In Office 365, you can upload profile pictures for each user’s contact card. The contact card will appear in Outlook, SharePoint, Lync, Word, Excel, PowerPoint… well, in any Office product that displays contact cards 🙂
Sample Contact Card in Outlook 2013
While this isn’t a new concept to Office 2013, and this feature is available in On Premise installations, these articles focus on Office 365.
There are two ways to achieve this:
You’ll find all sorts of confusing information online regarding the dimensions, file size and format restrictions. I found that either of the two methods described in this article will work with almost any file sizes and dimensions.
There are, however, some best practices.
Choose a square image as the source (i.e.: same width and height), otherwise the picture will be cropped when you upload and you may end up with portions of people’s faces being cropped out.
Example of a great picture, wrong shape… (Photo Credit: rubenshito)
Will be automatically cropped to:
Auto-cropped result.
Lync 2010 supported the ability to view contact photos which were stored as part of the thumbnailPhoto attribute in Active Directory, meaning that pictures could only be 48×48 pixels.
However, Lync 2013 can now store photos in user’s Exchange 2013 mailbox, meaning that it supports images of up to 648×648 pixels.
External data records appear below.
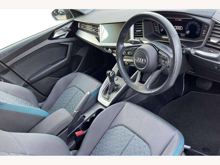 10.25" Digital instrument cluster display classis style instrument dials + speed, odometer, time, outside temperature, telephone menu + fuel level warning, Audi connect safety emergency and service including E-call, Audi drive select - power steering assistance + engine + gear shift 3 preset modes (auto, dynamic, efficiency and an Individual mode), Audi smartphone interface with connect compatible smartphone via USB directly MMI display + Nav, music, third party apps controlled via MMI controller, Automatic start/stop system, Bluetooth interface, Cruise control, Driver's information system, Electromechanical power steering, Lane departure warning system, Service interval indicator, Speed limiter, Voice control system, Washer fluid level indicator, Dynamic suspension, 1 x SDXC card reader, 2 x USB type C connection points, DAB Digital radio, MMI radio plus with 8.8" colour MMI display screen and MMI touch, Auto dimming rear view mirror, Body coloured bumpers, Body coloured door mirrors, Electric front and rear windows, Electrically adjustable, heated, folding door mirrors with integrated LED side indicator, Front side air inlets in grained matt black and C frame in titanium black, Heat insulating glass windscreen and side windows, Heated rear windscreen, LED headlights with LED rear lights + dynamic rear indicators + headlight adjustment and high beam, turning light + LED daytime running lights, Radiator grille and rear diffuser in matt titanium black, Radiator protective grille frame in matt aluminium silver, Rain and light sensors, Rear fog lights, Rear wiper, Scandium grey tailpipe trim, Side front spoiler lips in grained matt black, 12V socket in centre console with two cup holders, 3 rear seats with headrests, 40:60 Split folding rear seat or folded fully, Door sill trims with aluminium inlay, Driver and passenger seat with manual height adjust with forward and backwards adjustment, Front head restraints, Front/rear floor mats, Height and reach adjustable steering wheel, ISOFIX child seat mounting for front passenger and outer rear seats including top tether attachment point of outer rear seats, Leather gear knob with aluminium trim, Leatherette handbrake grip, Luggage compartment light with front and rear reading lights, Manually adjustable lumbar support in front seats, Novum cloth upholstery with front sport seats, Titanium grey cloth headlining, Luggage compartment pack - A1, 3x3 point rear seatbelts, Audi pre-sense front with pedestrain and cyclist recognition, Brake assist function, Driver and front passenger airbag with front side and head airbags, Electronic Stability Control including ABS, EBD, ASR and EDL, Front and rear seatbelt reminder, Front passenger airbag deactivation switch, Hill hold assist, Seatbelt height adjustment for front seats, Seatbelt monitoring, Tyre pressure warning light, Warning triangle and first aid kit, Anti theft alarm, Anti theft wheel bolts and loose wheel warning, Immobiliser, Remote central locking with 2 foldaway keys, Aluminium trim for control switches, air vents and digital instrument cluster, Silver grey accent areas including air vents, door handle recesses and centre console in diamond paint finish, Slate grey inlays polygon structure in fine paint finish,
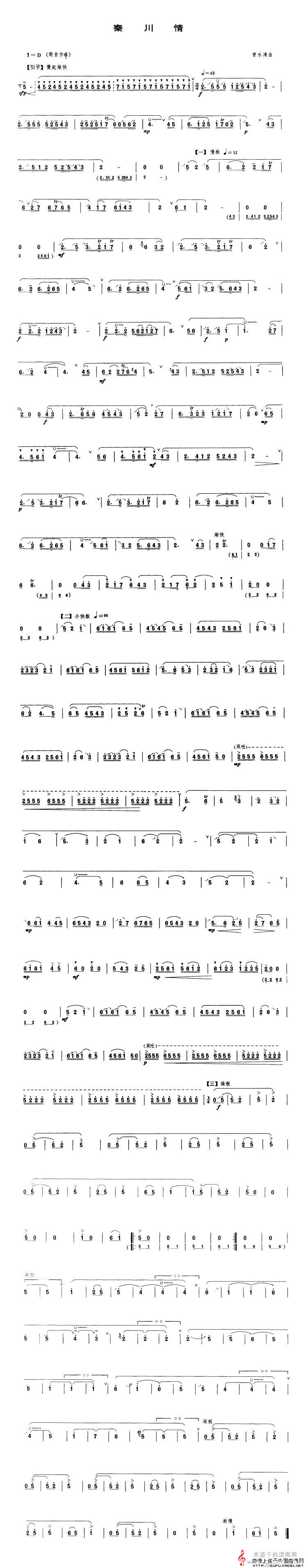 当前位置:曲谱图网器乐曲谱笛箫秦川情简谱(秦川情笛子演奏曲谱)
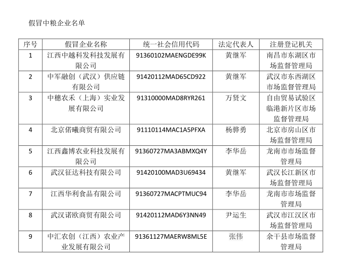 近期,,,,,,,,我司发明有不法主体以[江西中越科发科技生长有限公司]及其子公司[中军融创(武汉)供应链有限公司]、[中穗农禾(上海)实业生长有限公司]、[北京偌曦商贸有限公司]、关联企业[江西鑫博农业科技生长有限公司]、[武汉征达科技有限公司]、[江西华利食物有限公司]、[武汉诺欧商贸有限公司]、[中汇农创(江西)农业工业生长有限公司](详见附件)冒充我司([宁夏壹信投资有限公司])名义开展相关商业运动,,,,,,,,此行为已对我司声誉及正当权益造成严重损害。。。。。。。。
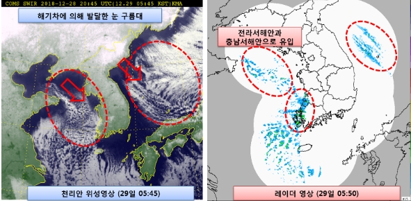 전라서해안에는 2~7㎝, 충남서해안·전라내륙에는 1~3㎝의 눈이 내릴 것으로 전망된다. 같은 날 충남 서해안·전라도는 5㎜의 빗방울이 떨어질 것으로 보인다.
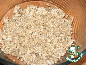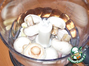 300 г шампиньонов очистить и вместе с луком и чесноком измельчить кухонным комбайном.

When you upload a photo to Exchange 2013, it automatically creates 3 versions of the photo:
Size | Used By |
48×48 | Active Directory thumbnailPhoto attribute |
96×96 | Outlook 2013 Web App Outlook 2013 Lync Web App Lync 2013 SharePoint |
648×648 | Lync 2013 Lync Web App |
If you only upload a smaller image (e.g.: 48×48), it’ll be scaled to 96×96 and 648×648, resulting in photos that look fuzzy. However, if you upload photos that are already 648×648. The system will automatically generate 48×48 and 96×96 thumbnails for you.
Original | Auto-Scaled |
(Photo Credit: rubenshito)
Note that if you upload a photo to the thumbnailPhoto in Active Directory, the photo will not be updated in Exchange. If you are lazy like me, you probably want to update photos only once.
My recommendation (and Microsoft’s) is to use 648×648 pixels, 24-bit JPG images.